Это продолжалось довольно долго. В результате я во всех подробностях успел изучить манеру сидящего за столом тушить окурки. Он прилагал к этому столько силы, что подоплека мщения табачным изделиям была для меня абсолютно ясна. Наверное, недавно врач сидящего поставил ему очередной ультиматум: нет, Вы, конечно, можете продолжать курить. но... Неудивительно, что в этом кабинете графин развлекается тем, что топит и растворяет автомобили, в нем не иначе как кислота.
- Вам знаком этот дом? - Сидящий протягивает мне фотографию девятиэтажки. Еще бы! Этот дом известен мне уж куда лучше, чем каждому из его жильцов. Каждое утро вот в этом подъезде лифт в одно и то же время опускает на землю девушку. Еще в кабине, пока никто не видит, она что-то поправит в последний раз и мысленно проверит макияж. Обычно все в порядке.

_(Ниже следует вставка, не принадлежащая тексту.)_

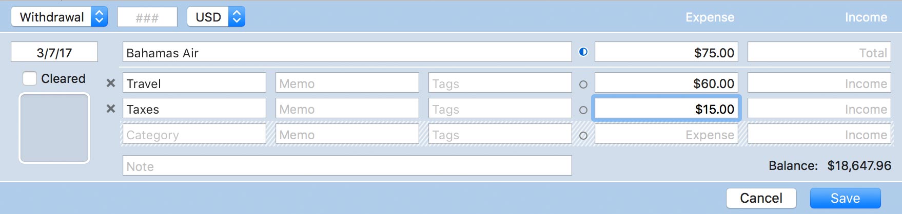 The editor can be used to record basic transaction properties such as the type, number, date, payee, note, and withdrawal or deposit amount (for a descriptive list of all properties, see Transaction Properties). It can also be used to categorize, tag, and split transactions, record account transfers, enter investment details, track cleared/reconciled status, attach files, and record currency information (refer to the articles about these topics for more information).

Вечером тот же лифт вернет ее наверх, слегка уставшую, в уголке рта размазана помада, подружка, с которой она курила (как всегда последнюю) сигарету, не заметила, а зеркала нет и сказать некому, ведь я не приближаюсь, как киногерой Майкла Дугласа к своим детям, по решению толстой непривлекательной американской судьи. Если только я нарушу границу, то потеряю даже эту возможность видеть ее издалека - в квартире случится ремонт, сделав неузнаваемой дверь нелево-направо от лифта, ящик кондиционера изуродует знакомое окно, телефонная трубка ответит мужским голосом: пароль - добрый вечер, отзыв - извините, я не туда попал...
- Нет, - отвечаю я, - про этот дом мне ничего не известно.
Иногда сидящий за столом перебирает бумаги, и кажется, что меня не слушает. Тогда я умолкаю - действительно, он не настаивает на продолжении рассказа. Во время таких пауз я изучаю предметы, присутствующие при нашей беседе. Особенно меня интересует рамка на столе, с небольшой фотографией, обращенной к сидящему. Это могло бы многое прояснить. Что на ней? Собака? Автомобиль? Дочь с внучкой или щука, пойманная три года назад? Но есть вещи, которые не суждено узнать. В комнате уже сейчас нельзя рассмотреть предметы величиной с серую кошку, а через каких-нибудь полчаса исчезнут и все черные.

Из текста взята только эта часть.